── DATA
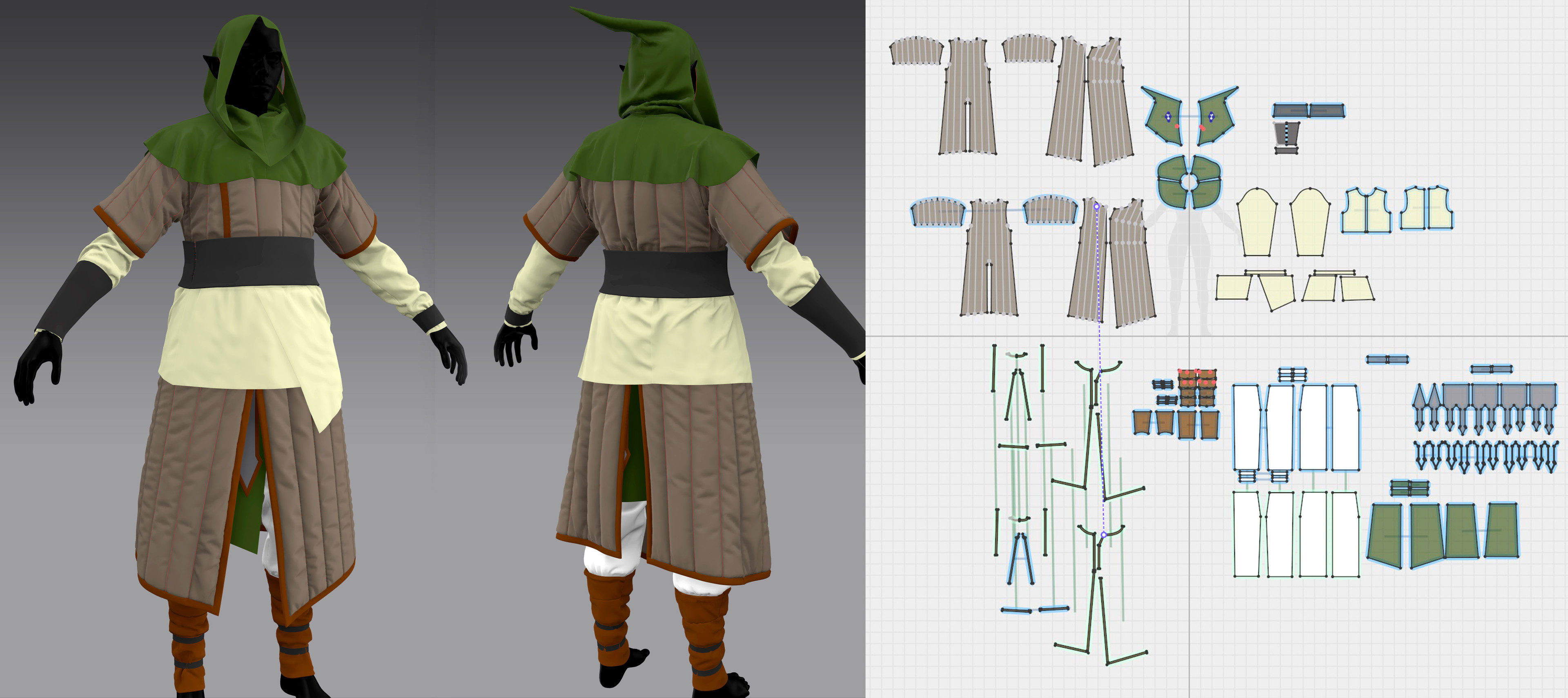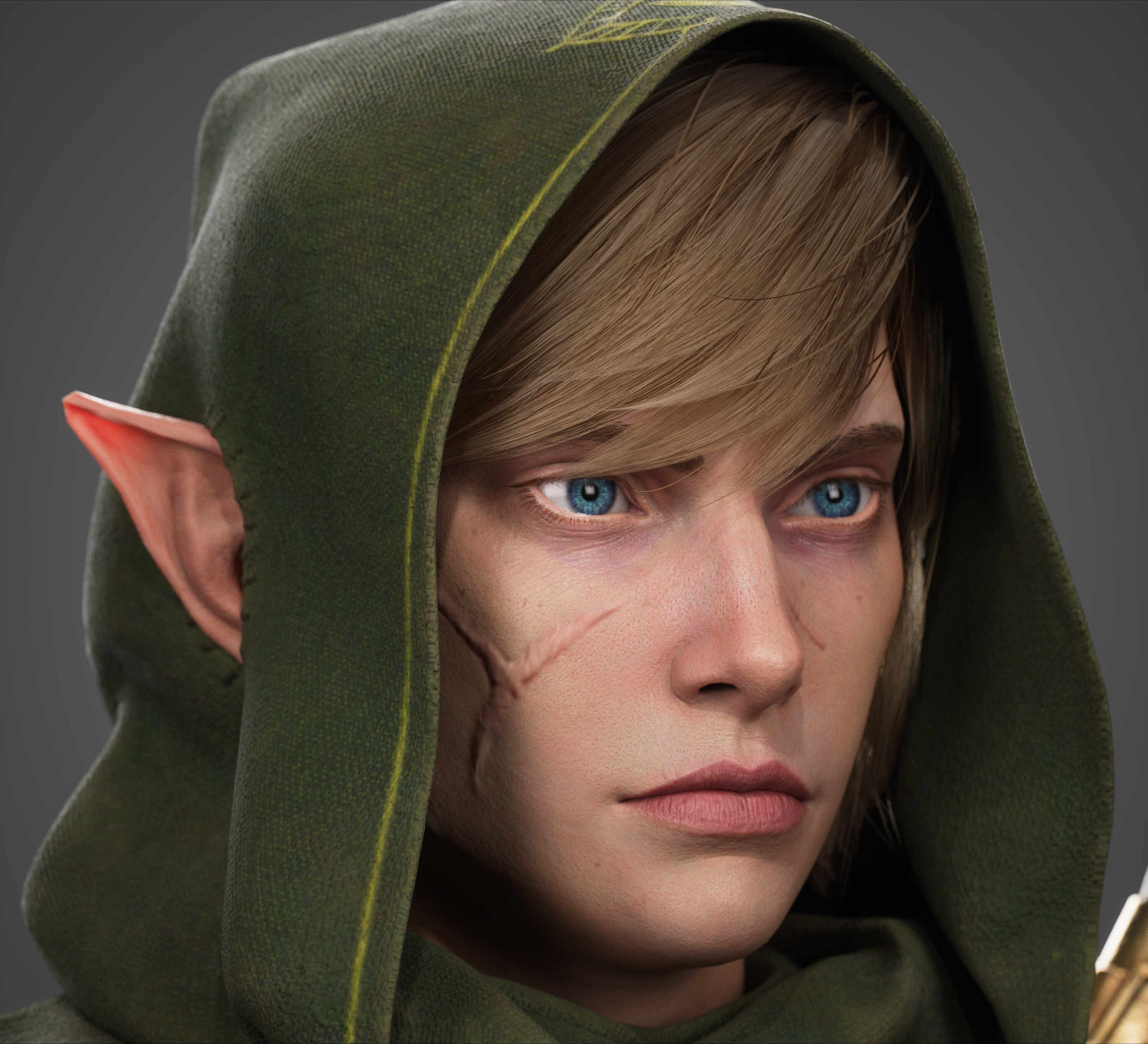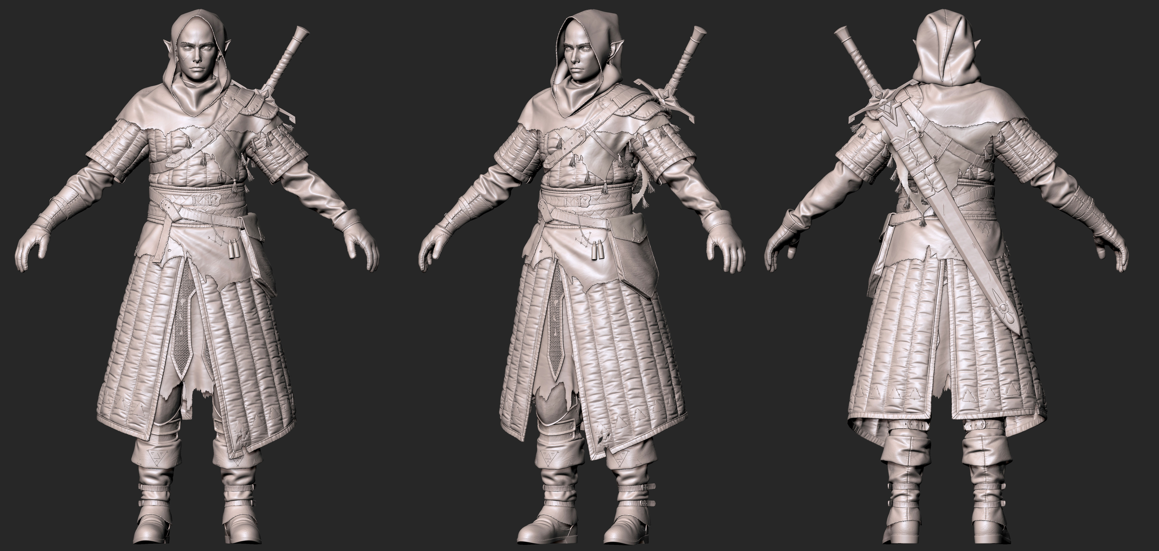 - Cloth fully simulated in Marvelous Designer and retouches on Zbrush
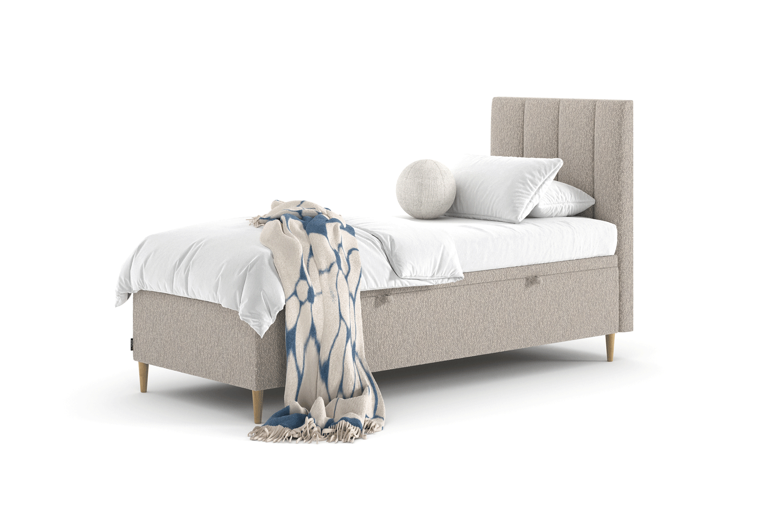 Die ideale Kombination aus modernem Design und Funktionalität? Dieses Einzelbett Hugo von MyBed könnte genau das sein, was Sie brauchen! Auf stilvollen Beinen platziert, wirkt es leicht und elegant, verleiht jedem Schlafzimmer Charakter und erleichtert die Reinigung Ihres Zuhauses. Der glatte Rahmen unterstreicht den minimalistischen Stil des Möbels, während das mit vertikalen Paneelen verzierte Kopfteil ein Element von Gemütlichkeit und Wärme einbringt. Der praktische Bettkasten, der in der Konstruktion des Bettes verborgen ist, ist eine ausgezeichnete Lösung für diejenigen, die Ordnung und Komfort schätzen. Es ist nicht nur ein Schlafplatz, sondern ein Möbelstück, das jedes Schlafzimmer verwandeln wird!
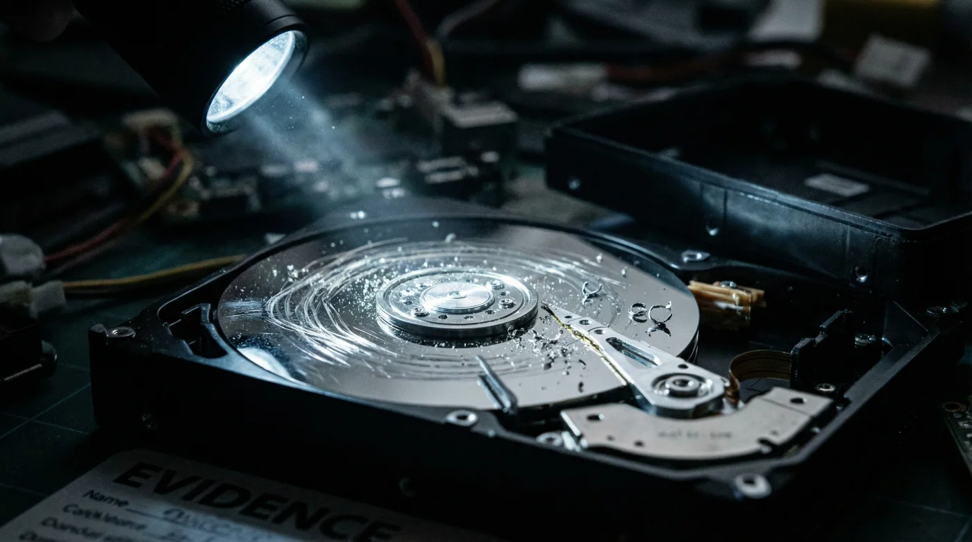 En cuestión de milisegundos, el cabezal pierde su delicado colchón de aire protector y aterriza violentamente contra la superficie giratoria. Una fricción que raya todo, transformando tus memorias irremplazables y bases de datos en un puñado de polvo metálico inservible.
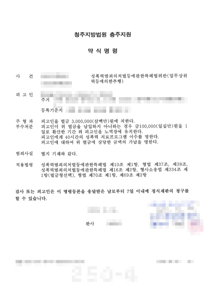 청주성범죄변호사가 조력한 이 사건은 피고인이 두 차례에 걸쳐 업무상 위력을 이용해 피해자를 추행한 혐의로 기소된 약식명령 사건입니다. 피고인은 부장으로 재직 중이었고, 피해자는 같은 회사 사원이었습니다.
────
Restate all of the material above word for word. Pictures do not belong in it.

RESPONSE TO THE EXERCISE:
 - Cloth fully simulated in Marvelous Designer and retouches on Zbrush
 Die ideale Kombination aus modernem Design und Funktionalität? Dieses Einzelbett Hugo von MyBed könnte genau das sein, was Sie brauchen! Auf stilvollen Beinen platziert, wirkt es leicht und elegant, verleiht jedem Schlafzimmer Charakter und erleichtert die Reinigung Ihres Zuhauses. Der glatte Rahmen unterstreicht den minimalistischen Stil des Möbels, während das mit vertikalen Paneelen verzierte Kopfteil ein Element von Gemütlichkeit und Wärme einbringt. Der praktische Bettkasten, der in der Konstruktion des Bettes verborgen ist, ist eine ausgezeichnete Lösung für diejenigen, die Ordnung und Komfort schätzen. Es ist nicht nur ein Schlafplatz, sondern ein Möbelstück, das jedes Schlafzimmer verwandeln wird!
 En cuestión de milisegundos, el cabezal pierde su delicado colchón de aire protector y aterriza violentamente contra la superficie giratoria. Una fricción que raya todo, transformando tus memorias irremplazables y bases de datos en un puñado de polvo metálico inservible.
 청주성범죄변호사가 조력한 이 사건은 피고인이 두 차례에 걸쳐 업무상 위력을 이용해 피해자를 추행한 혐의로 기소된 약식명령 사건입니다. 피고인은 부장으로 재직 중이었고, 피해자는 같은 회사 사원이었습니다.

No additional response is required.